This shift from rhetoric to reality is being reinforced by the perception that the West is, as a Congolese security adviser told me, “demanding a lot, but doesn’t give much.” This feeling is especially strong with regard to the United States, which is particularly important for Tshisekedi. Washington played a central role in his appointment as president, and his relationship with the United States is seen as a major counterbalance to former President Kabila’s ties to China (and a similar frustration with the DRC’s relationship with China is evident as well). But various Congolese interlocutors have expressed frustration with the supposedly “special” partnership Tshisekedi has with the United States, which—it is felt—hasn’t translated into much in the way of concrete investments. As a Congolese army official summed it up to me, “Why have endless meetings with the West—including the U.N.? Why not do as Mali and [the Central African Republic] have done and switch to Russia?”

Statements like this signal not only anti-Western sentiments but also a degree of opportunism. I was often told by officials across the Congolese government, “We’ve tried the EU, the U.S., China. Why don’t we try Russia?”

Western governments have tried to address this potential pivot to Russia in a number of ways. On the one hand, they have expressed concerns about the DRC-Russia rapprochement, publicly and directly to the Tshekedi government. The issue was raised by Belgian Prime Minister Alexander De Croo in a bilateral meeting with President Tshisekedi during the U.N. General Assembly last fall. It also came up during U.S. Secretary of State Antony Blinken’s visit to Kinshasa in August 2022. On the other hand, Western governments have also taken action. For example, interviews with diplomats and Congolese officials highlighted how France was the main driving force behind the decision to lift the highly unpopular notification regime against the DRC in December 2022—with the French minister of state for development visiting Kinshasa the day after. In doing so, they hoped to get back into Kinshasa’s favor.

That being said, frustrations with the West remain—particularly within the Congolese security sector. Security officials see weapons as a central issue: The West is very hesitant to supply weapons, instead preferring to supply nonlethal equipment. As an army commander told me, “None of this would happen with Russia—sanctions, demands, human rights—none of this business would be present.”
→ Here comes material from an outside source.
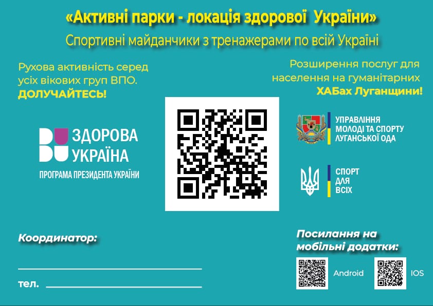 Соціальний проект Президента України і Міністерства молоді та спорту України «АКТИВНІ ПАРКИ - ЛОКАЦІЇ ЗДОРОВОЇ УКРАЇНИ» - розробка навігаційної карти безкоштовних для населення рекреаційних занять в парках та скверах. Основною метою є залучення людей до систематичних тренувальних сесій, спрямованих на розвиток основних рухових якостей - загальна витривалість, сила, спритність, координація, гнучкість, швидкість.

Another commander pointed to what he considered a Russian success story. “What is happening in Mali, I can’t believe it,” he said. “It is so noble and, in the current African context, very unexpected. They [the Russians] are right to say that the time has come for Africans to reclaim their independence. We are at a turning point.” It’s no surprise that the minister of defense, who had such glowing comments about the DRC-Russia relationship last summer, is a retired army general and is advised mostly by army officers.

Civilian policymakers express more nuanced views—often anti-Western, but not necessarily pro-Russia. In the estimation of one civilian interlocutor working in the security sector, the DRC should “use the determination of the Ukrainians to resist against our aggressors before relying on Russia, which will do absolutely nothing. Putin will never decide to attack Rwanda for us. So stop dreaming and supporting a meaningless carnival. The DRC is a giant. Unfortunately, it has become a dwarf due to lack of self-esteem.”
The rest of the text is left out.